The report also highlights how school budgets across the state have
been increasingly devoted to school police and security at the
expense of vital support and educational services. For example,
Oakland Unified School District reports having over 115 law
enforcement officers and security personnel, but only 11 counselors,
four psychologists, and zero social workers in the entire district.
Indeed, the report uncovers that in 2011-12 there were at least 18
other districts across the state that spent more on school security
than they did on counselors, psychologists, and social workers.

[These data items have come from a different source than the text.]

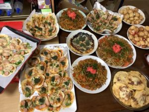 リクエストの多かった焼きそば、お好み焼き、たこ焼き、ミニピザを作りました。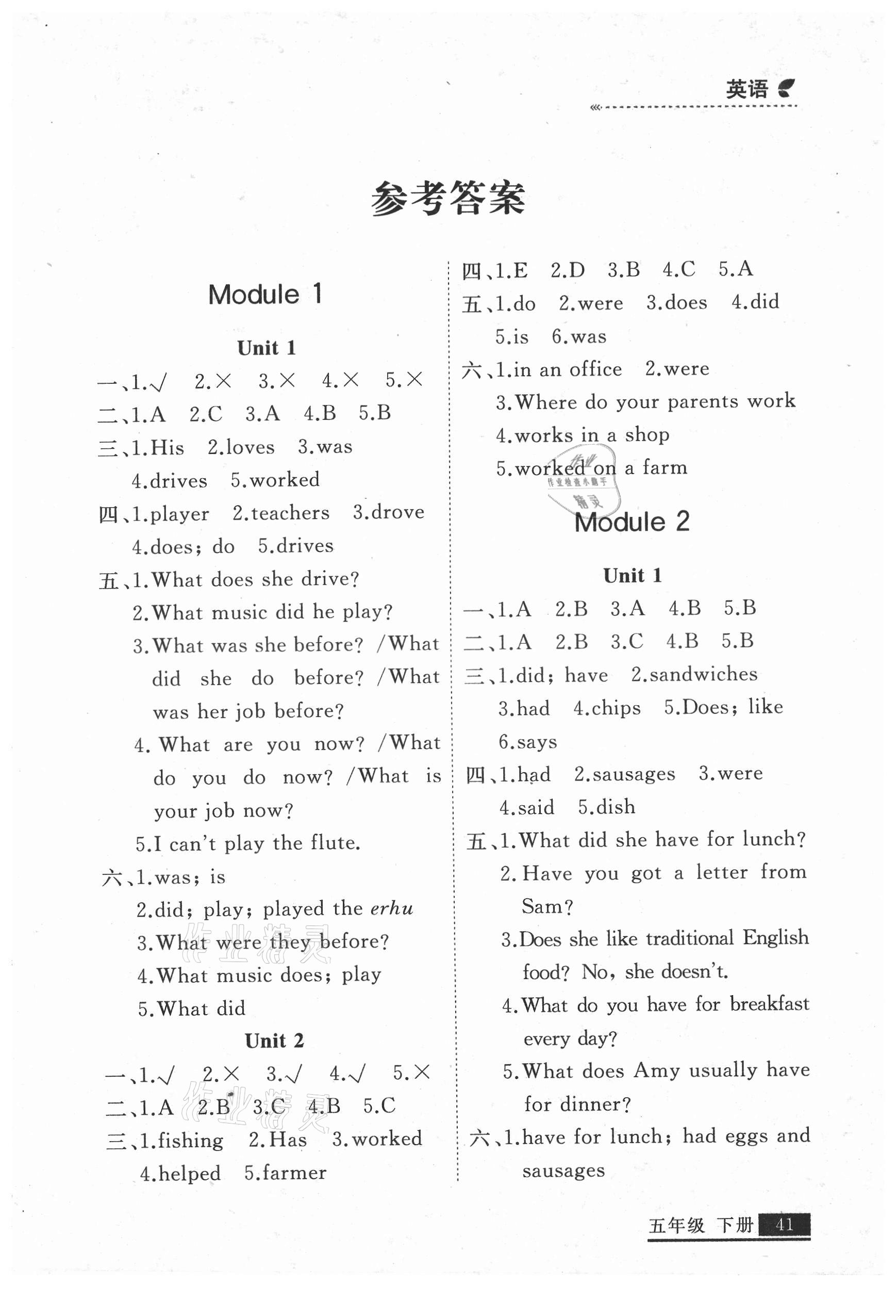 注:目前有些书本章节名称可能整理的还不是很完善,但都是按照顺序排列的,请同学们按照顺序仔细查找。练习册 2021年培优计划五年级英语下册外研版延边大学出版社 答案主要是用来给同学们做完题方便对答案用的,请勿直接抄袭。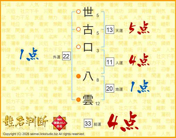 世古口八雲さんの総運は33画の4点!

For example, in Los Angeles Unified School District, the budget for
school police and security is $91.3 million, which is more than what
the district budgeted for afterschool programs, 73% more than it
budgeted for counselors, and far more than double what it budgeted
for health services and teacher assistants. In fact, the police/security
budget was substantially more than the combined budgets for the
arts program, psychologists, the Office of Civil Rights, instructional
aides, psychiatric social workers, parent involvement, and career
technical education.
“These misplaced priorities have deepened the longstanding resource inequities faced by communities of
color,” said Jackie Byers, Director of the Black Organizing Project. “Resources that could have gone towards
support staff, afterschool programs, and more effective disciplinary alternatives instead have gone towards
school police, security guards, and surveillance cameras in many of our school districts, which serve mostly
Black and Latino youth. In other words, an increasing percentage of the funds allocated to California’s lowincome youth of color have been used in ways that have actively harmed them.”
The report presents a series of recommendations for using the state’s new Local Control Funding Formula
to shift investments from school policing to proven alternatives that promote healthy school climates,
improved academic achievement, and greater school safety.